In order to make this choice of a religious life, one needs a will. A will that enables a person to choose to live rather than survive. In order to grow that will, one needs freedom. Freedom to question, to answer, to exercise different approaches to Torah and life, to find a place within the ancient covenant and commit, to add one’s voice to a nation ever-standing at the foot of Sinai and to hearing a voice.
The State of Israel might be full of people who were born Jewish, but as long as it doesn’t provide freedom to grow such a will, it is not yet a Jewish state.

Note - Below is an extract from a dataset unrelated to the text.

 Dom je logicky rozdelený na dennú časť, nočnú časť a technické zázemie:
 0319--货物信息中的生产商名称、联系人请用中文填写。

I dread the thought that this magnificent moment in Jewish history might turn out to be a tragedy for the Jewish condition and its calling in the world. I dread the thought that Jews in Israel and around the world will count on the strength of what seems like an everlasting state, physically built, while neglecting, abandoning, an ancient trust in the transparent realm of the ruach, the spirit, the deepest power in human life. The built State of Israel entered the delicate void of thousands of years yearning, and the task of this generation is to ask how we make way for the challenges of embodying ruach in Jerusalem. This is our task.
What we really need is to recuperate the natural instinct of freedom here in Zion. We can’t wait for the status quo to be changed; it will not be changed easily, and we are losing precious time, precious generations. In a world in which the new Jew is the Haredi Jew, what we need is to deepen the grassroots movement of Jewish freedom — individuals and communities exercising a Jewish life of their choice: marrying, celebrating, mourning, learning to translate modern autonomy of the individual into a life of shared values and deeds. We need more Jewish thinkers leading such a life; declaring that they do so; sharing their thoughts, practices; making way for others by their own quest to weave their unique personality into that of a community in its state.
“If Ben-Gurion, in the peak of his leadership days, would choose to go to a Reform community on Yom Kippur instead of sitting home, reading Spinoza or Aristotle, he could have given with his great authority legitimacy to another possibility of religious authority,” A.B. Yehoshua wrote in 1984. “There is no hope for real normalization of the Jewish people without deeply treating questions of our heritage. If we want to see a significant change in 100 years, we need to plan it now. We need to make sure that secular Jews are deeply involved in these questions…. Orthodoxy (as an ideology) does not want the change; the change will come only by creating new centers of Jewish authority.” And I, too, think to myself, if Shimon Peres, in the peak of his presidential days, would have asked for a blessing or prayer of six different Jewish (and non-Jewish, of course) leaders from different schools of thought in one evening, what a gate he would have opened to our people.
What I write here is a plea, that we demand every Jewish leader we know exercise and speak words of freedom, and continue to fight for state laws that enshrine that freedom. The coming 65 years should be dedicated to this pursuit of pluralism, and the more Jews involved, Israelis and partners from all around the world to whom this place belongs, the more of a chance we will have to live in a truly Jewish state.
Tamar Elad-Appelbaum is the founder of ZION: An Eretz Israeli Congregation in Jerusalem, and vice president of the Masorti Rabbinical Assembly.